LOST TRANSMISSIONS – Review by Leslie Combemale
Written and directed by Katherine O’Brien, Lost Transmissions centers on a young, performance-shy singer/songwriter named Hannah (Juno Temple) who connects with her friend, record producer Theo (Simon Pegg) over their shared love of music. He believes she is talented, and tries to build both her confidence and her professional resume by working with her. The only problem is, Theo has schizophrenia, and only sporadically stays on his medications. Hannah, who has also been medicated for most of her life for her own mental illness, is drawn to his magnetic, enigmatic personality, and starts to go down the same dangerous path. In a quest to draw on inspiration he has persuaded her is being dampened by drugs, she starts missing doses of her own meds.
This is a dark, sad tale that devolves as it goes, and is one many of us have experienced in some way, either firsthand, or through a friend with mental illness. Both Juno Temple and Simon Pegg do great work here, but it is Simon Pegg who is compelling enough to make us all watch as his character, off his meds, takes a blow torch to his life. It is revealed that this is only the last time, one of many, which is why his circle of friends is getting ever-smaller.
Also crystal clear but just as painful to watch is the way the US mental health system is set up to fail those that need it the most.
Simon Pegg comes by his authentic, riveting performance honestly. He himself has struggled with depression, which was diagnosed when he was 18. It led to alcoholism, something he has since gotten a handle on, in as much as anyone can. He has mentioned that during the worst of it, he hid it, and acted all the time. He has spoken openly about rehab, and the challenges of getting better, as well as his hope that, in knowing his story, people might be motivated to look at themselves. No doubt his deep, personal understanding of mental illness, and how it can take a life over, is in part what makes him so watchable, and his performance so authentic, if excruciating, to watch.

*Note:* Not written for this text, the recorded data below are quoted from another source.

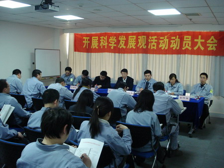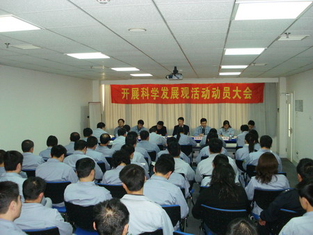 動員大會由總經(jīng)理孫龍平同志主持。會上,首先宣讀了《關(guān)于成立公司學習實踐科學發(fā)展觀領(lǐng)導小組的通知》,荏原博泵黨總支副書記姜作棟同志宣讀了公司《深入學習實踐科學發(fā)展觀活動的實施方案》,明確了各階段的任務要求和具體責任人,并公布了公司信箱、意見箱,鼓勵廣大黨員、群眾對公司開展好學習實踐科學發(fā)展觀活動獻計獻策。
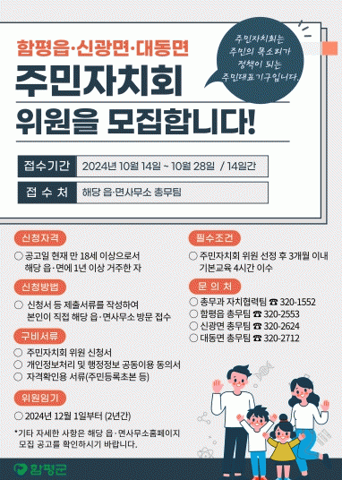 ÁÖ¹ÎÀÚġȸ À§¿øÀÌ µÇ·Á¸é À§¿ø ¼±Á¤ ÈÄ ÁÖ¹ÎÀÚÄ¡ ±âº»±³À° 4½Ã°£À» À̼öÇØ¾ß Çϸç, ÀÓ±â´Â 2³âÀ¸·Î ¿¬ÀÓÀÌ °¡´ÉÇÏ´Ù. ±âŸ ÀÚ¼¼ÇÑ »çÇ×Àº ÇÔÆò±º ´©¸®Áý ¸ðÁý °ø°í¹®À» È®ÀÎÇÏ¸é µÈ´Ù.
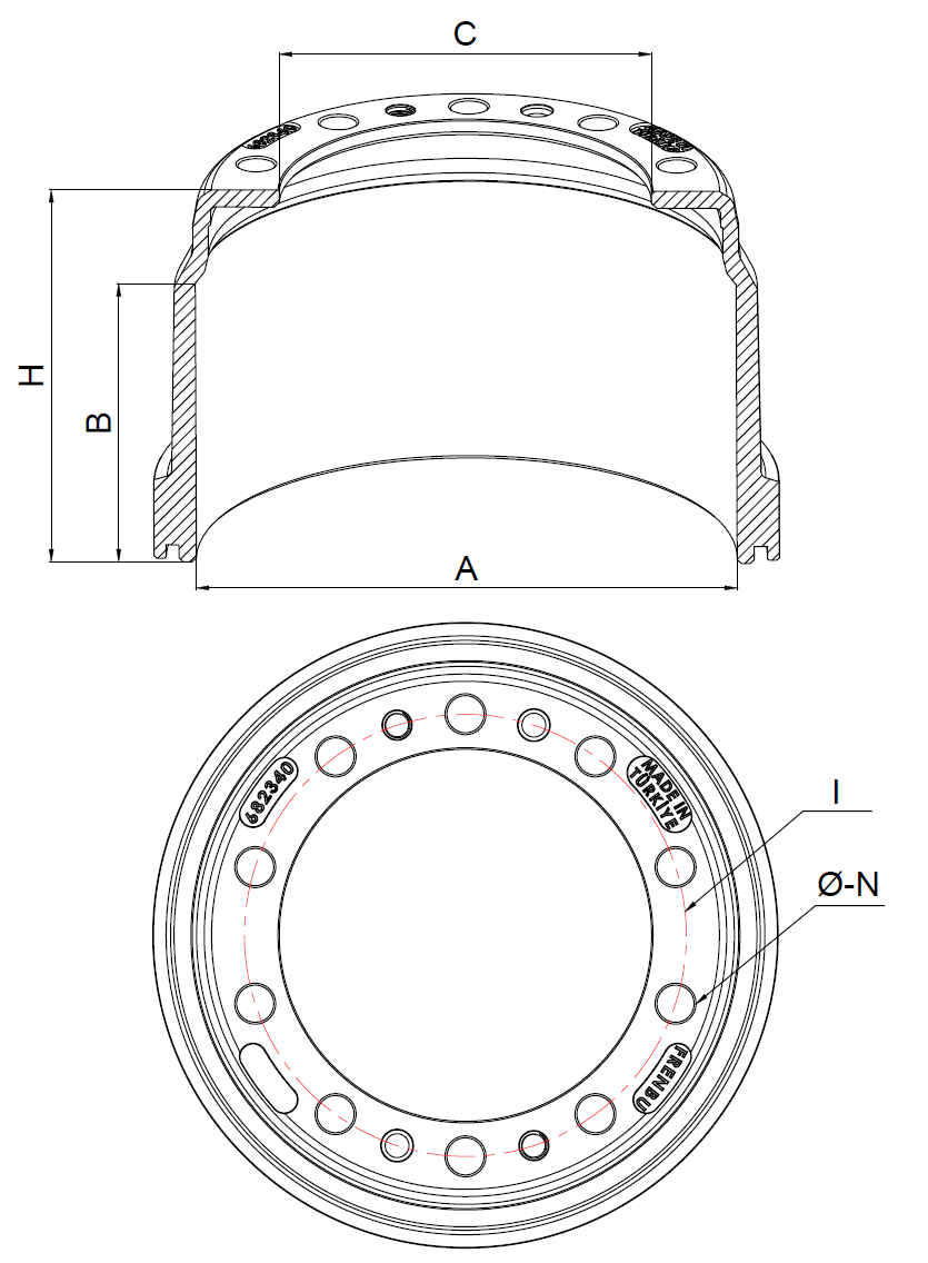 | BALATA ÇAPI | BALATA BOYU | KOMPLE BOY | GÖBEK ÇAPI | DELİK MERKEZİ | DELİK SAYISI | DELİK ÇAPI |
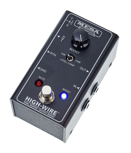 MESA BOOGIE HIGH-WIRE™ DUAL BUFFER & OUTPUT BOOST - два прибора в одном компактном корпусе: двойной буфер и линейный драйвер. Это устройство позволяет решить все проблемы согласования как по входу, так и по выходу. Располагаясь между инструментом и педалями, прибор обеспечивает стабильную нагрузку для датчиков гитары, гарантируя тем самым поступление полноценного сигнала на первую педаль в цепи. Если включить данный прибор между педалбордом и усилителем, он будет не только буферизировать сигнал, обеспечивая тем самым оптимальные сопротивление и рабочие характеристики, но и позволит получить с помощью встроенного линейного драйвера Footswitchable Boost сигнал более высокого уровня, что важно при использовании длинных кабелей. Как и в случае с прибором Stowaway, буфер выполнен на базе дискретной схемы класса Class-A. HIGH-WIRE также оборудован мини-переключателем +3dB BOOST, который расположен на верхней панели. Ножной переключатель обладает двойным действием, позволяя активировать функцию BOOST при однократном нажатии, и функцию MUTE при удерживании в течение секунды. HIGH-WIRE — универсальное решение, позволяющее избавиться от всех проблем, связанных с потерей качества сигнала при работе с педалбордами.
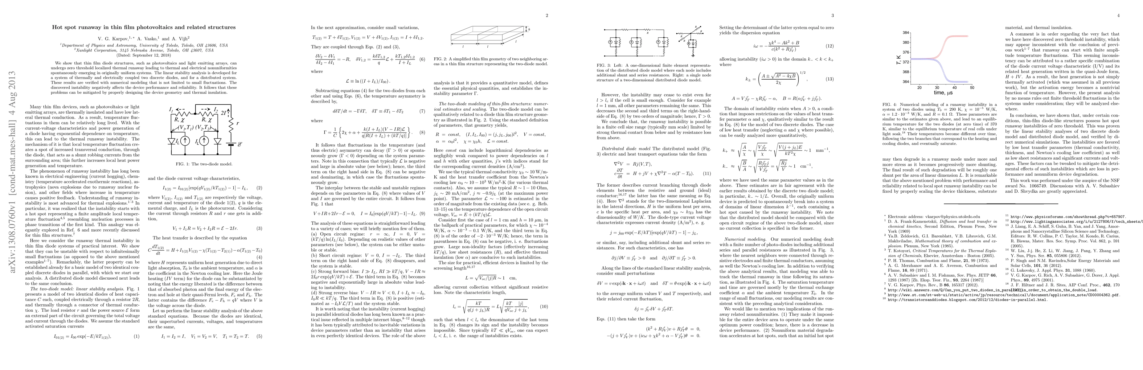 We show that thin film diode structures, such as photovoltaics and light emitting arrays, can undergo zero threshold localized thermal runaway leading to thermal and electrical nonuniformities spontaneously emerging in originally uniform systems. The linear stability analysis is developed for a system of thermally and electrically coupled two discrete diodes, and for a distributed system. These results are verified with numerical modeling that is not limited to small fluctuations. The discovered instability negatively affects the device performance and reliability. It follows that these problems can be mitigated by properly designing the device geometry and thermal insulation.
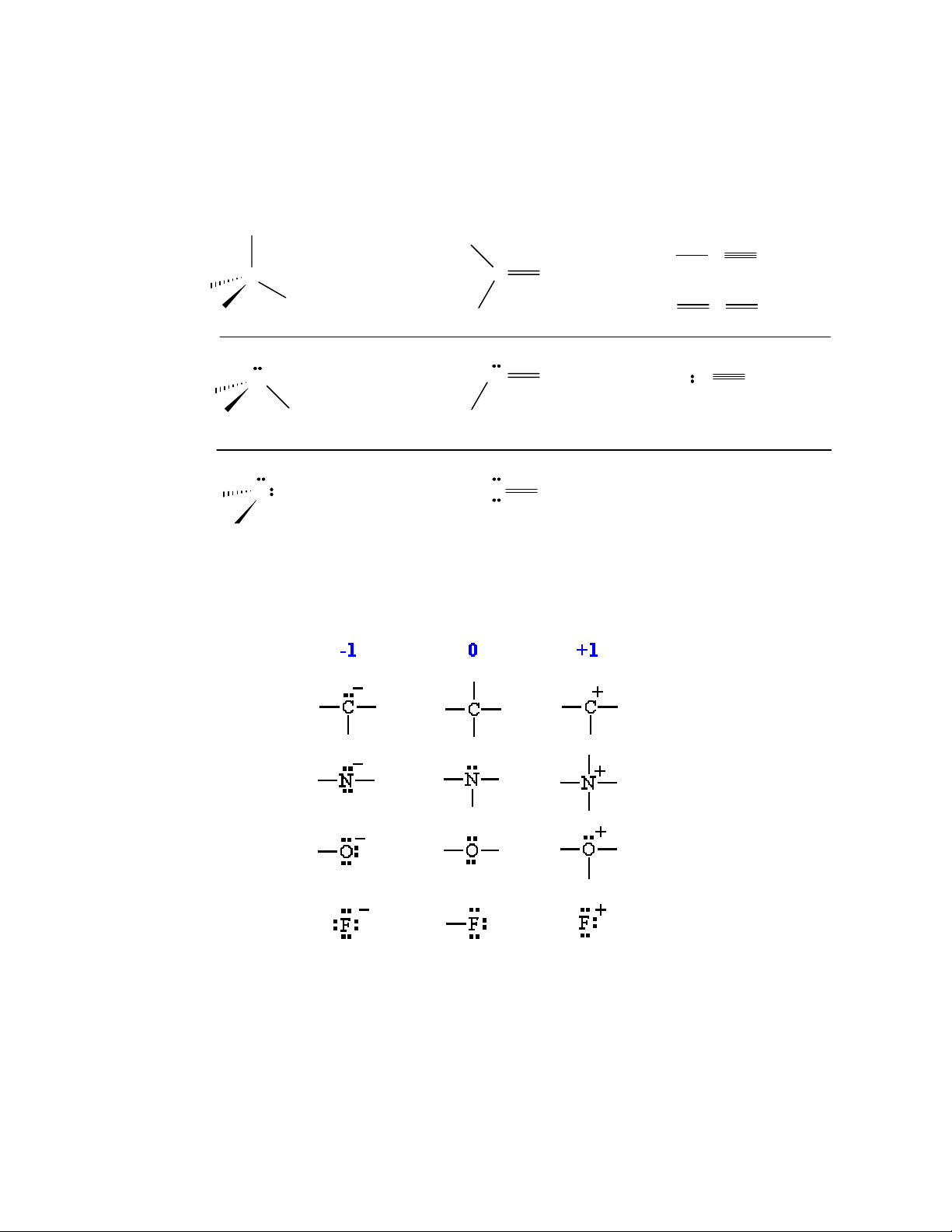Common bonding for carbon, nitrogen and oxygen sp3 sp2 sp C C C C N N N O O tetrahedral geometry trigonal planar linear Common anionic, neutral and cationic forms Formal Charge = [Group#] – [# bonds] – [nonbonding e-]

O’Brien doesn’t spare the viewers any of the difficult aspects of how schizophrenia expresses itself, nor the often dangerous situations in which those inflicted with the illness and their friends can find themselves. There is one scene where Theo’s delusions lead him to nearly wreck a car with a very pregnant friend sitting next to him. While the scene works for dramatic effect, it neither trivializes or glorifies the sickness.
There are moments where Hannah seems lost, or is making self-destructive choices in an attempt to help her friend. They definitely capture the difficulty of navigating the line between friendship and caretaking, which so often falls to women in our society. Also Lost Transmissions considers the connection between art, creativity, and clarity, and how potentially dangerous the belief that medication stunts creativity can be to those working to feel better. A hard watch, Lost Transmissions takes us into the world of the suffering, without bombast and without flamboyance, in a way rarely shown onscreen.